April 17, 2020

Danish children back in class as countries plan to reopen schools

Preschool and primary-age children in Denmark, pictured here before the shutdown, are returning to school

Photo credit: UNICEF

Strict rules on social distancing were in place as younger students became the first in Europe to return to the classroom amid the coronavirus crisis.

Danish children became the first in Europe to return to school this week after a global shutdown that has disrupted education for 1.5 billion young people.

Children went back to preschools and primaries after Denmark's government relaxed restrictions which had closed all schools since March 12. There are still strict rules on social distancing - with students kept six feet apart in classrooms and some schools teaching outdoors.

Older children at middle and high schools will continue to have online lessons at home until May 10.

"We have a lot of washing hands during the day. We don't have masks and we have to keep a good distance from each other so that's a very difficult task," said Elisa Rimpler of BUPL, the Danish Union of Early Childhood and Youth Educators.

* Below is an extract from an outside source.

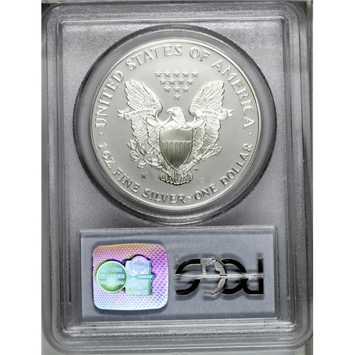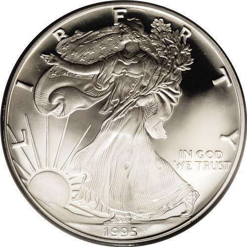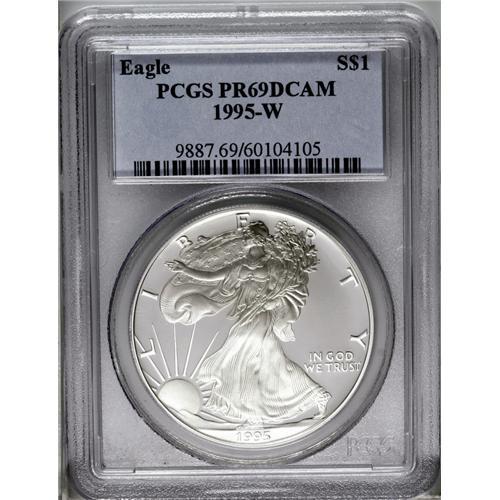 <B>1995-W<img border='0' src='http://www.heritagecoins.com/images/star.gif' width=10 height=10>$1> Silver Eagle PR69 Deep Cameo PCGS.</B></I> Essentially perfect with highly lustrous devices framed by deeply mirrored fields. This is the key-date issue in the series of proof silver Eagles. <BR><BR><B>Important notice:</B> Heritage usually auctions material at the rate of 200-250 lots per hour. On some occasions eBay Live bid software or the Internet may not be able to keep up with the pace of the auction. We recommend placing a realistic absentee bid now as insurance to avoid disappointment. Occasionally the auctioneer may eliminate or reject an eBay Live bid, and the auctioneer may also reopen a lot after the close of the eBay live bidding (usually because we missed an audience bid), and may reject your bid even if it shows you as the winning bidder. By bidding via eBay Live, you agree that Heritage may award the lot to another bidder at its sole discretion under the circumstances described above or any other reasonable circumstances. Since eBay bids are not shown to us until we open the lot on the floor, we treat those bids just like floor bids. In most cases the floor responds before the eBay bid is presented to us, due to Internet lag time, so for consistency we have made it a policy that floor bids are always considered first over tie eBay live bids. Also please note that all Heritage lots purchased through eBay Live carry a 20% Buyer's Premium. Please make sure you read the Terms and Conditions before you bid. This lot is being auctioned in conjunction with a live floor auction by Heritage Galleries & Auctioneers. All final auction and invoice information will be supplied by Heritage Galleries & Auctioneers, and all other information should be considered preliminary. Lot:5210 <BR><BR><B>Winning Notification and Billing:</B> After the FINAL session in this auction is complete, Heritage will send e-mail and snail mail invoices. This process normally takes several days. All final auction and invoice information will be supplied by Heritage Galleries & Auctioneers, and all other information should be considered preliminary. <BR><BR>This auction will be conducted on a live auction floor and over the Internet through eBay Live. If you choose to place an absentee bid, please take a moment to <font color='#0000ff'><u><a href='http://pages.ebay.com/liveauctions/help/before/laabsentee.html'>learn how eBay Live absentee bidding works</a></u></font><font color='#000000'>

At the reopening of a school in Copenhagen, Danish prime minister Mette Frederiksen said she understood if some parents decided not to send their children. 

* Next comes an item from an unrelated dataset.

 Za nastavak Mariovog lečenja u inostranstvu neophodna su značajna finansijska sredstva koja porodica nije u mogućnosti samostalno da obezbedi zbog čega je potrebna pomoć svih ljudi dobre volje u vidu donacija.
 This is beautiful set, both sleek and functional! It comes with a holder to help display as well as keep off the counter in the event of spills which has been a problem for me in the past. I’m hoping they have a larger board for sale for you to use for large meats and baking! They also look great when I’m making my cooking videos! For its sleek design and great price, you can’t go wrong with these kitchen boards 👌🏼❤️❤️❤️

The picture below shows school children during their lunch break at the Korshoejskolen Public school in Randers this week.

Embed from Getty Images

The health crisis has closed schools and universities in more than 190 countries, disrupting education for 91% of all the world's enrolled students. Theirworld is among leading organisations that have joined UNESCO's Global Education Coalition, which aims to support countries in scaling up their best distance learning practices and reaching those children and youth most at risk.

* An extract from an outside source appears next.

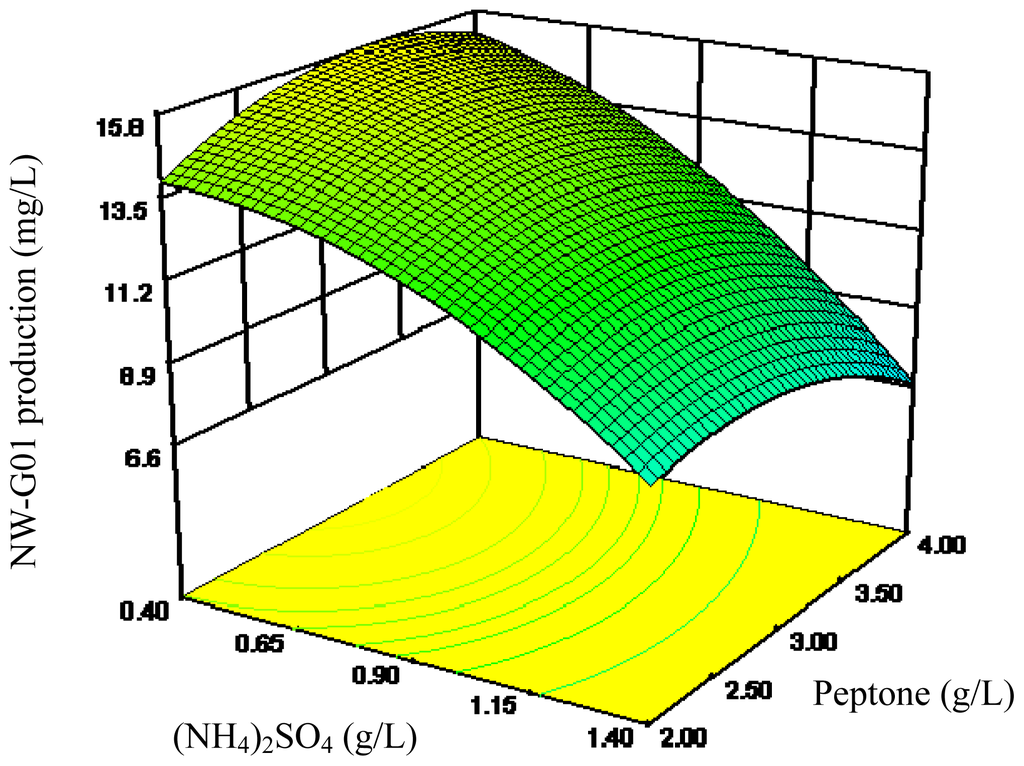 Response surface curve for NW-G01 production by Streptomyces alboflavus 313 as a function of (NH4)2SO4 and peptone concentrations, when CaCO3 concentration was maintained at 1.00 g/L.
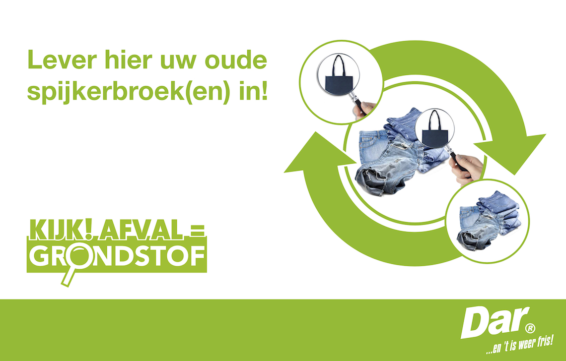 Op deze manier is spijkerstof steeds herbruikbaar. Dit draagt ook bij aan de doelstelling van de Vierdaagsefeesten en Dar: een volledig circulair evenement, dát is waar Dar en Vierdaagsefeesten aan werken de komende jaren. Steeds opnieuw kan van spijkerstof weer nieuwe spijkerstof gemaakt worden. Het gerecyclede spijkerstof wordt samen met een klein deel biologisch katoen, tot nieuwe stof geweven. Dit is uniek in de textielverwerking.

As countries grapple with the challenges of the pandemic, here's a quick look at how some are planning to reopen classes:

Norway. Nurseries will reopen on April 20 and primary schools from first to fourth grades from April 27.

China. In Beijing, senior high school students are set to return on April 27, with seniors at middle schools going back on May 11.

Singapore. Aiming to restart classes on May 4.

Germany. Schools will reopen on May 4, with priority given to final-year students. But North Rhine-Westphalia, the most populous state, is planning to reopen primary schools from the start of next week.

France. President Emmanuel Macron said schools will reopen in stages from May 11.

Switzerland. Primary schools will reopen from May 11, followed by secondaries and universities from June 8. 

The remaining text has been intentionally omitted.